Мать же при этих словах заплакала, застонала, позвала мужа и со слезами сообщила ему это удивительное и неожиданное известие. И отец Камара напрасно пытался уговорить сына, тот ничего не хотел слушать и в заключение сказал:

— Если не уеду сейчас в Басру, то непременно умру!

И отец и мать Камара ввиду таких решительных речей и твердого решения могли только вздохнуть и покориться тому, что предначертано судьбой. Отец же не преминул обвинить жену во всех неприятностях, случившихся с ними после того, как он послушался жены, посоветовавшей ему взять с собою Камара на базар.
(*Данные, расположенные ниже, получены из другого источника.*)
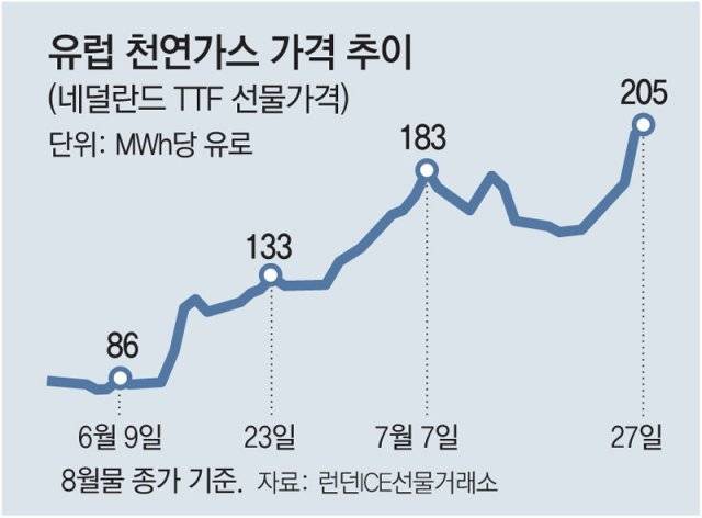 미국 정치전문매체 폴리티코 유럽판에 따르면 유럽 천연가스 기준가로 삼는 네덜란드 TTF 천연가스 현물 가격(8월물)이 이날 오전 9시 22분 메가와트시(MWh)당 228유로(약 30만3000원)로 6일 연속 상승했다. 전날 종가(199유로) 대비 15%가량 올랐다. 1년 전(22.97유로)보다는 약 10배로 뛰었다. 영국 파이낸셜타임스(FT)에 따르면 전날 독일 벤치마크 에너지 가격도 가스값 급등 영향으로 MWh당 370유로를 기록해 최고치를 경신했다.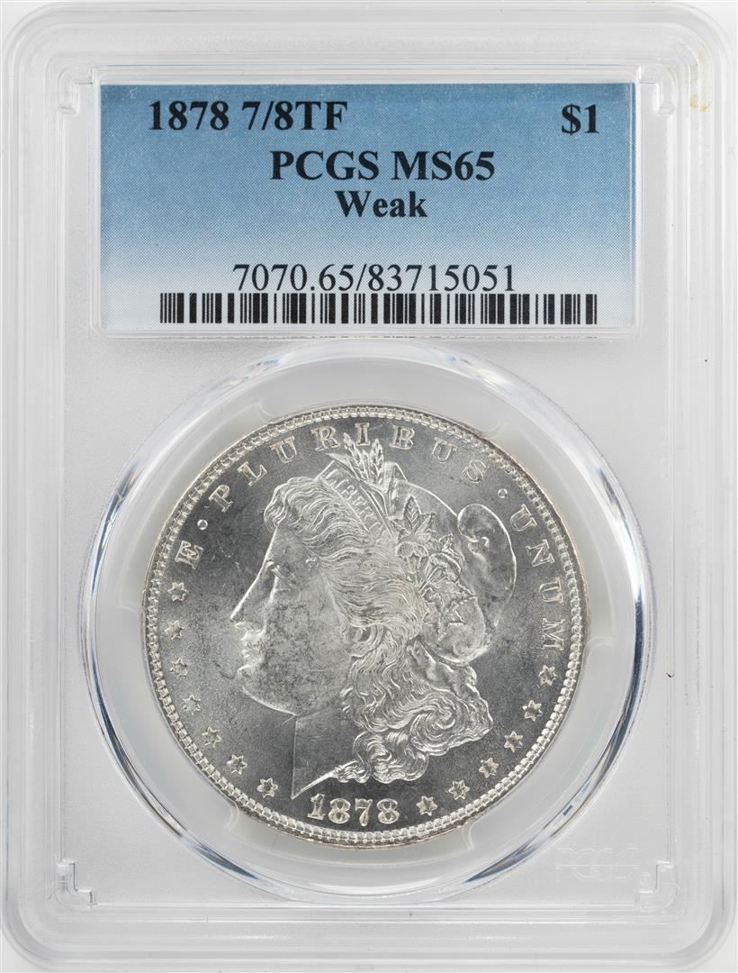 One 1878 7/8 TF $1 Morgan Silver Dollar Coin PCGS MS65. PCGS Graded.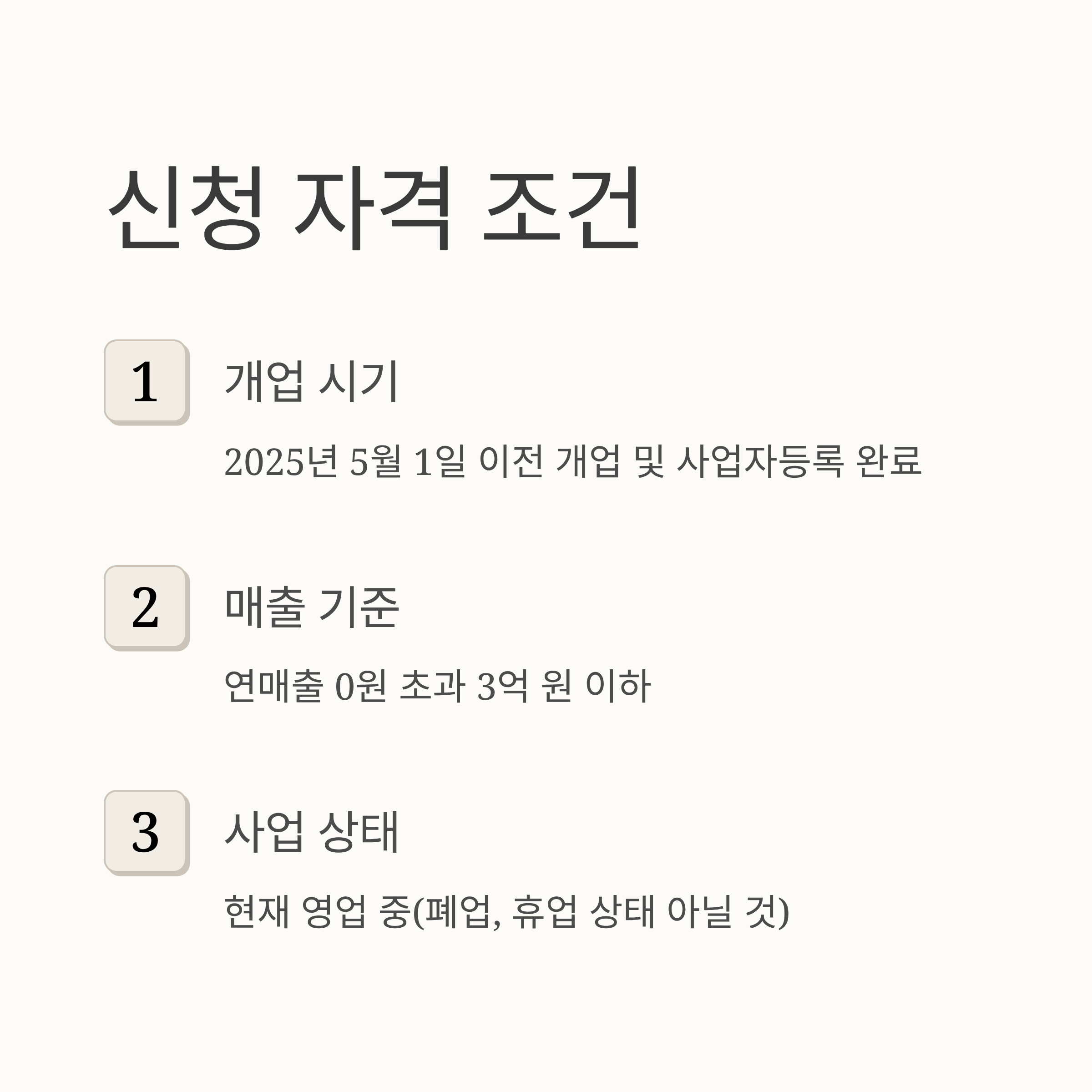 - 2025년 5월 1일 이전 개업 및 사업자등록 완료된 소상공인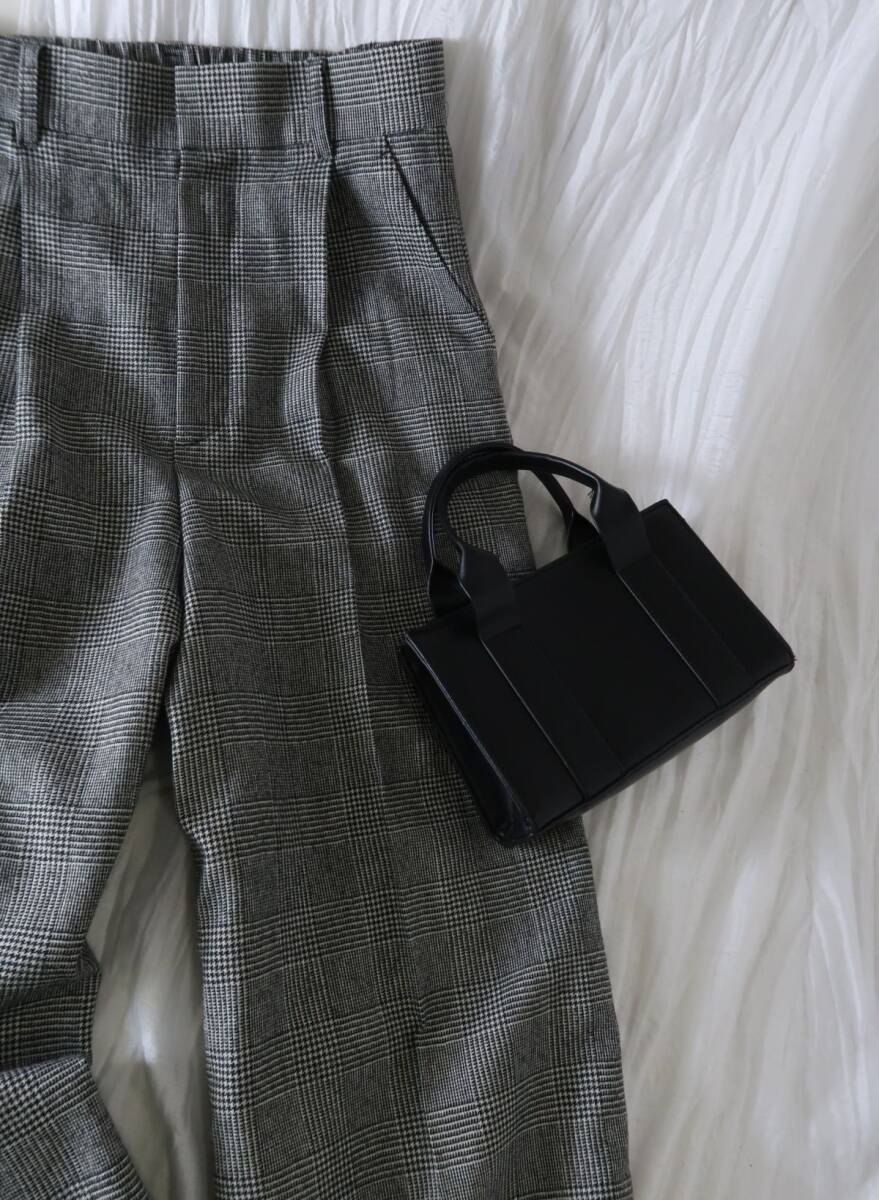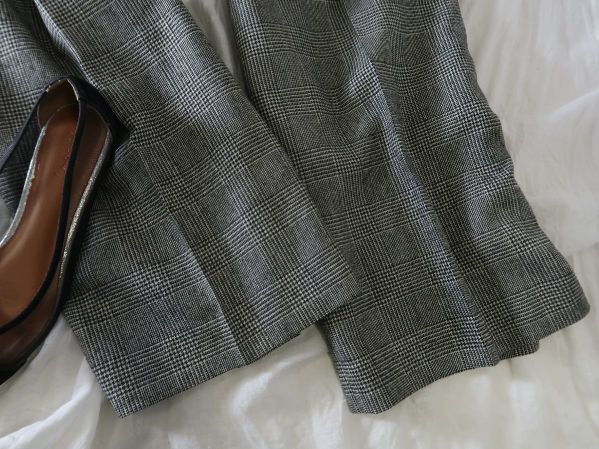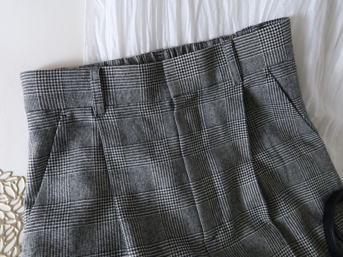 アンタイトル UNTITLED☆洗える チェック柄 ウールタックワイドパンツ 1サイズ 日本製☆R-O 6262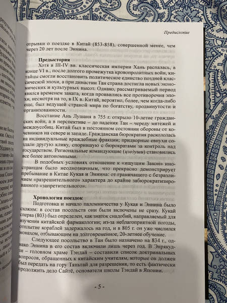 ОписаниеВ книге приводятся переводы писем и трудов Кукая (774-835), основоположника японской школы эзотерического буддизма Сингон, написанных в период его пребывания в танском Китае в 804-6 гг., а также перевод дневника монаха школы Тэндай Эннина (793-864), составленного во время его пребывания в Китае в 838-46 гг. Этот дневник считается единственным по глубине и широте описания одного из интереснейших периодов в китайской истории, отмеченного серьезными гонениями на буддизм. В Предисловии дается сравнительный анализ психологического состояния двух знаковых личностей раннего японского буддизма, описывается состояние буддизма в Японии того времени.В книге приводятся переводы писем и трудов Кукая (774-835), основоположника японской школы эзотерического буддизма Сингон, написанных в период его пребывания в танском Китае в 804-6 гг., а также перевод дневника монаха школы Тэндай Эннина (793-864), составленного во время его пребывания в Китае в 838-46 гг. Этот дневник считается единственным по глубине и широте описания одного из интереснейших периодов в китайской истории, отмеченного серьезными гонениями на буддизм. В Предисловии дается сравнительный анализ психологического состояния двух знаковых личностей раннего японского буддизма, описывается состояние буддизма в Японии того времени.
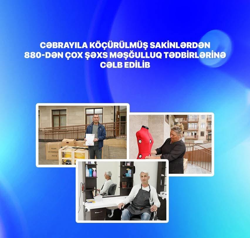 Həmin sakinlərdən artıq 883 şəxs məşğulluq tədbirlərinə cəlb olunub. Onlardan: 811 nəfərin rayon ərazisində məşğulluğu təmin edilib (o cümlədən, rayona köçürülmüş sakinlərdən 40 nəfər üçün özünüməşğulluq proqramı çərçivəsində kiçik təsərrüfatlar yaradılıb)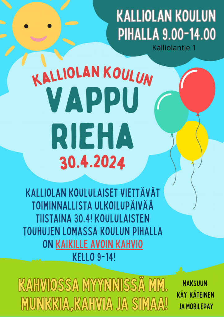 Kalliolan koululaiset viettävät toiminnallista ulkoilupäivää vappuaattona 30.4.2024.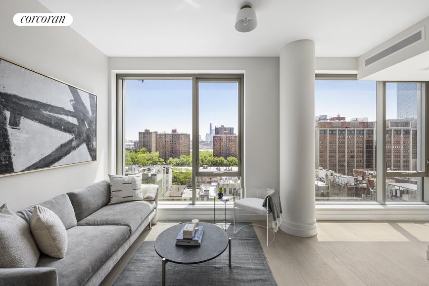 This light filled 564SF one bedroom has open views to the South East with massive windows which give way to picture perfect river views . The primary bedroom is nicely sized with a large closet and overlooks historic East Broadway.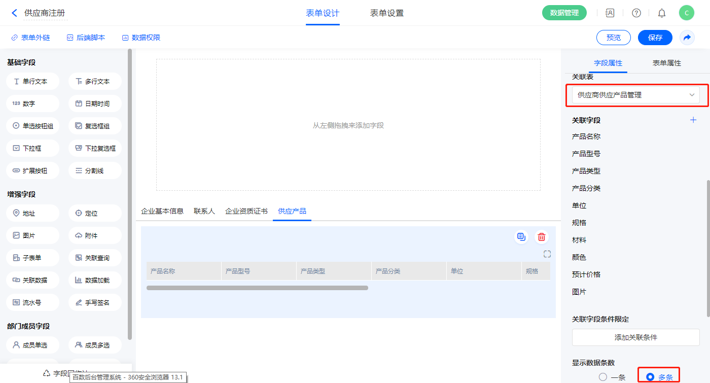 【供应产品】关联查询字段,设置关联表为【供应商供应产品管理】并如图选择关联字段,设置显示数据条数为多条,并设置关联条件为【供应商】字段;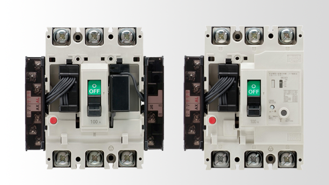 These accessories are installed inside the breaker. AX indicates electrically the status of the breaker. AL indicates electrically the status of the breaker trip. SHT makes the breaker trip electrically by remote operation. UVT releases the breaker when the control voltage is dropped.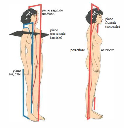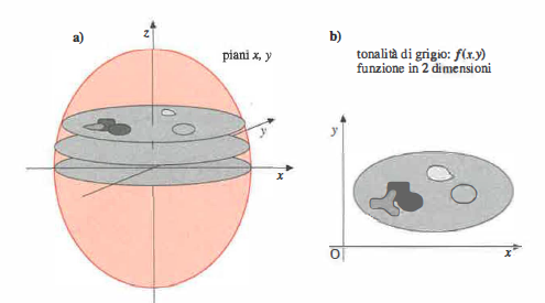 L’evoluzione dell’hardware di calcolo e delle interfacce ha reso possibile gestire grandi volumi di dati e flussi complessi, aprendo la strada a nuove metodiche d’imaging e a un’elaborazione avanzata delle immagini cliniche. Oltre a ecografia, microscopia digitale e digitalizzazione radiografica, un ruolo centrale è svolto dalle tecniche di tomografia, che ricostruiscono sezioni del corpo umano a partire da proiezioni acquisite da molteplici angolazioni. La ricostruzione tomografica mira a determinare la funzione f(x,y) che descrive le intensità (toni di grigio) in un piano specifico del soggetto (Figura 07.28-04). I piani di riferimento anatomici standard sono indicati in (Figura 07.28-05), con la possibilità di definire piani obliqui ove clinicamente necessario.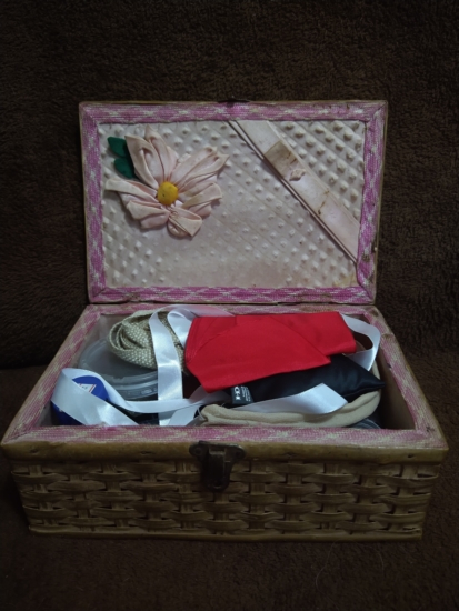 Caixa com tampa presa e fecho. Detalhe interno da tampa, tem uma flor feita com fitas e botão. Aparentemente com função utilitária, no interior da caixa, constam objetos aparentemente relacionados a materiais de costura.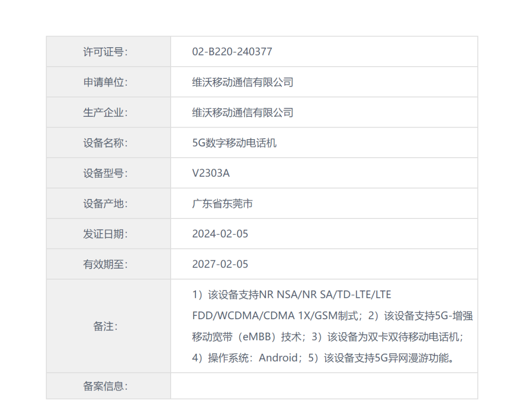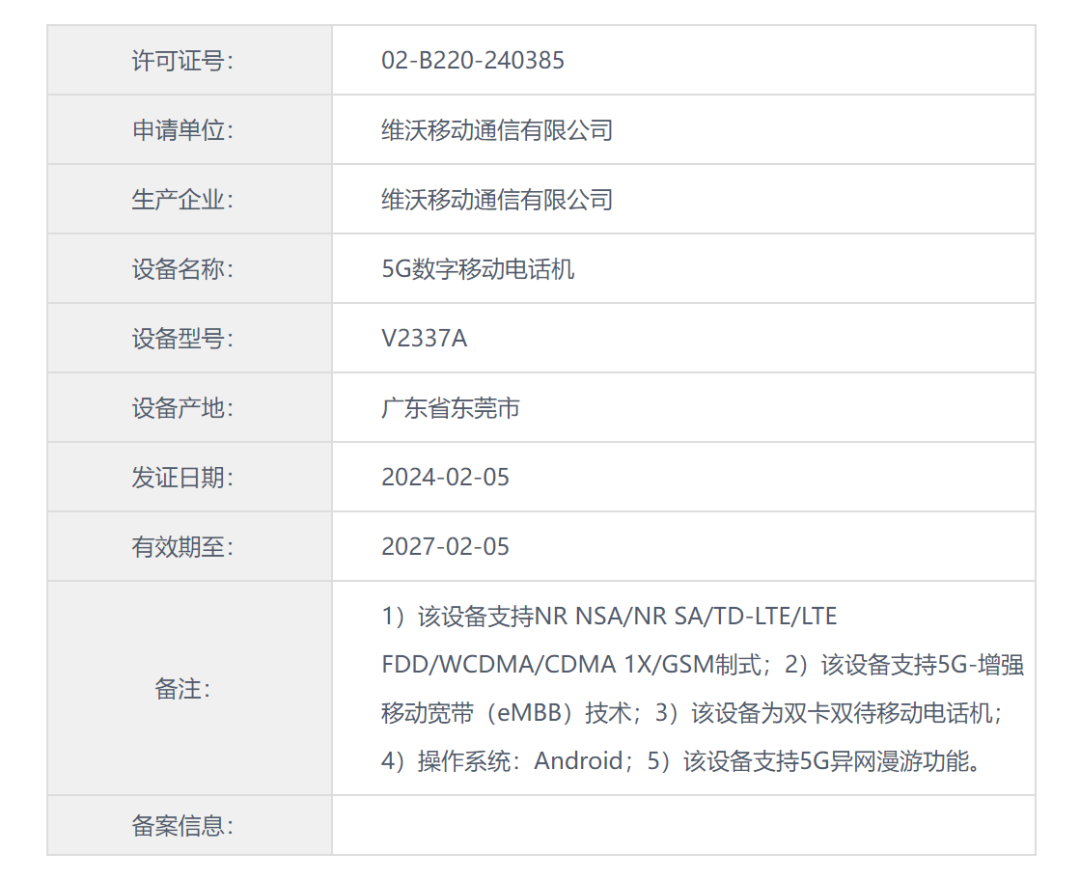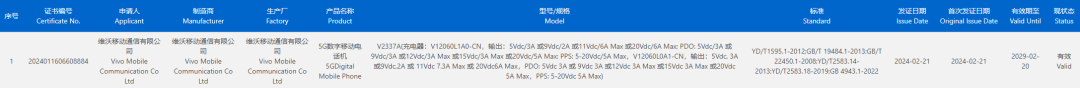 认证信息显示,该手机随机附赠V12060L1A0-CN/V12060L0A1-CN120W充电器。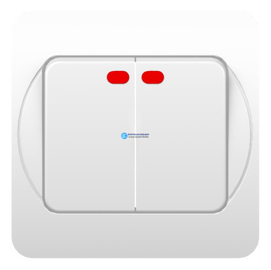 SUNNY Выключатель двухклавишный скрытый белый с индикацией 10А (5123), код 1151378, производитель Powerman

И говорил он себе: «Ни к чему не привели твои попечения и твоя осторожность, Абд эль-Рахман. В одном Всемогущем прибежище и сила! Что предначертано, то должно случиться, и никто не может побороть судьбу».

А мать Камара, вдвойне огорченная и упреками мужа, и намерениями сына, вынуждена была готовить его к отъезду. И дала она ему мешочек, в который спрятала сорок драгоценных камней, алмазов и изумрудов, и сказала:

— Береги хорошенько при себе этот мешочек, о сын мой. Он пригодится тебе, когда будешь нуждаться в деньгах.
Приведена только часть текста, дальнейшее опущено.